Ask HN: How do I encourage my wife learn to code?
My wife is currently pursuing master in information systems, but she does not have much interest in coding. How do I make sure she knows the joy of coding and how it will impact the career? How do I explain in storytelling fashion about coding/programming - she is from MBA(finance) background ? Did anyone motivated here motivated someone who is from different background ? If yes, how did you approach ? Is there a service which invoke the interest in coding ?
18 comments
[ 3.5 ms ] story [ 77.0 ms ] threadI can make a fun game out of MIT’s scratch language in ~15 minutes. Try that as an evening exercise.
If she doesn’t like it, don’t push it. She could teach you the joy of responsible finance instead ;)
Pain as we are solving problems.
Pain for other users as they encounter bugs from our work, haha.
Retool is very low-code if you're mostly hitting APIs and/or have someone to help you with initial transformational, and it ultimately using text/code to wire things together.
You don't "make sure she knows" anything, if you respect her.
Has she tried it and doesn't think she's good at it?

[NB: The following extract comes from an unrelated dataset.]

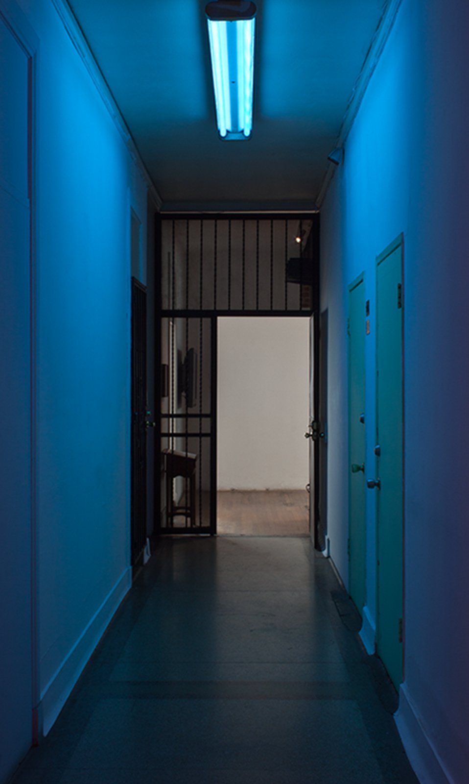 Blue.Shift incorporate filtered florescent light, synthesized sound and the unique sounds of the space as its primary materials. The sound is composed using the filtered field recording of the space paired with synthesized sounds created to enhance different harmonic profiles present in the recording and in the space.

Or does she entertain some sort of nerdy stigma against it?
It's difficult to give actionable advice without word from both parties about their attempts and motivations.
Information systems is something like a synonym for "computers and stuff"; if you're a master of "computers and stuff", you should know how to code.
I mean, imagine a "master of information systems" being embarrassed when they can't understand Python or Javascript written by their nephew or niece in fifth grade elementary school. Yikes!
If the program contains required courses involving coding, then that is covered. She will have to go through that, and then will either see the beauty of it all or not. In any case, you will be there for help or insights/perspectives.
Can lead the horse to water, but cant force it to drink ;)
Stop having coitus with her. That's what my wife did when I was having too much joy just in coding.
Start here. Find something menial she does but hates, do it in front of her with coding. Show, don't tell.
Zed Shaw had a great passage to this point:
>People who can code in the world of technology companies are a dime a dozen and get no respect. People who can code in biology, medicine, government, sociology, physics, history, and mathematics are respected and can do amazing things to advance those disciplines.
As programmers, we do things to save us time without even thinking about it. Friends coming to pick me up and there's a webpage for a job offering with a disappearing Apply button? Quickly write a script that pulls that page every minute, checks if the button is there, and sends me a notification on my mobile. I didn't even think about it, really. Trivial to do while they're on their way, but science fiction for most people.
Writing code so we can be humans and spend time with loved ones as opposed to waste time doing meaningless tasks is what programming gives you.